29 julho 2005

Fui

de férias.

Blogues que leio e gosto (3)

Educação Sentimental

Já elogiei mais do que uma vez o blogue da Inês. Postes como este, este,este e este deliciam-me, divertem-me.

Recapitulando

(desculpa, Ana, mas tem de ser!)











28 julho 2005

36 anos, 7 meses e 5 dias

é o tempo que me falta para ser reformada.

Há um ano

O primeiro sinal de crescimento.

27 julho 2005

Take the quiz: "What type of designer handbag are you?(pictures)"

Brighton
You're Brighton. You are always in style and very ... bright. You tend to look on the good side of things. Stay that way!

Estimo-te

A estima é um sentimento muito bonito.

Blogues que leio e gosto (2)

Letra minúscula

Um blogue minimal, como descreve o autor. Sem maiúsculas, conciso e com fotos q.b. Dos primeiros que leio todos os dias. ( gosta de caracóis e de nuvens, como eu )

Resposta a este post

Raquel, nostalgia é isto: Pampilhosa da Serra, calor, rio, ponto cruz, refeições demoradas, leituras e conversas.

Dia dos avós

Para a avó Nice, avó Tina, avô João e avô Henrique.

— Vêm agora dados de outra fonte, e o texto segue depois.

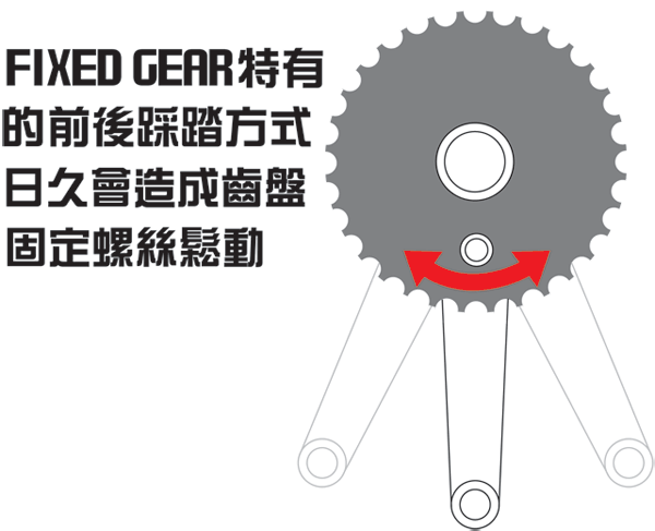 車輛各部份零件的強度及耐用性需求更加之高,其中承擔全身重量的曲柄組越相形重要早期street玩家對於曲柄改裝首選以BMX CR-MO鋼腿改裝,但因FIXED GEAR獨特的踩踏方式(其特性會有前後踩動)容易造成大盤固定螺絲鬆動

Só ontem à noite, ao ver o telejornal, soube que era o dia dos avós. A Maria tem ainda os quatro, felizmente, e eles são peças fundamentais do seu desenvolvimento.

É com eles que passa grande parte do tempo e que recebe todo o tipo de atenções e mimos típicos dos avós. Creio que saberá dar valor a todos, nas suas diferenças, quando fôr mais crescida. Nós faremos questão de lhe incutir espírito de gratidão por toda a disponibilidade e generosidade que demonstram diariamente.



26 julho 2005

Às 16h28m

apetecia-me um caldo verde.

Ai, ai.











25 julho 2005

Prioridades para quando ganhar o Euro Milhões

- Comprar um apartamento com porteiro em Nova Iorque;
- Ter muitos filhos;
- Fazer enriquecer a minha Igreja (o dízimo do prémio é escandaloso!);
- Distribuir pelos irmãos e pais;
- Manter os amigos e ter cuidado com os "novos";
- Tentar manter a boa educação dos filhos, sem que cresçam insuportáveis.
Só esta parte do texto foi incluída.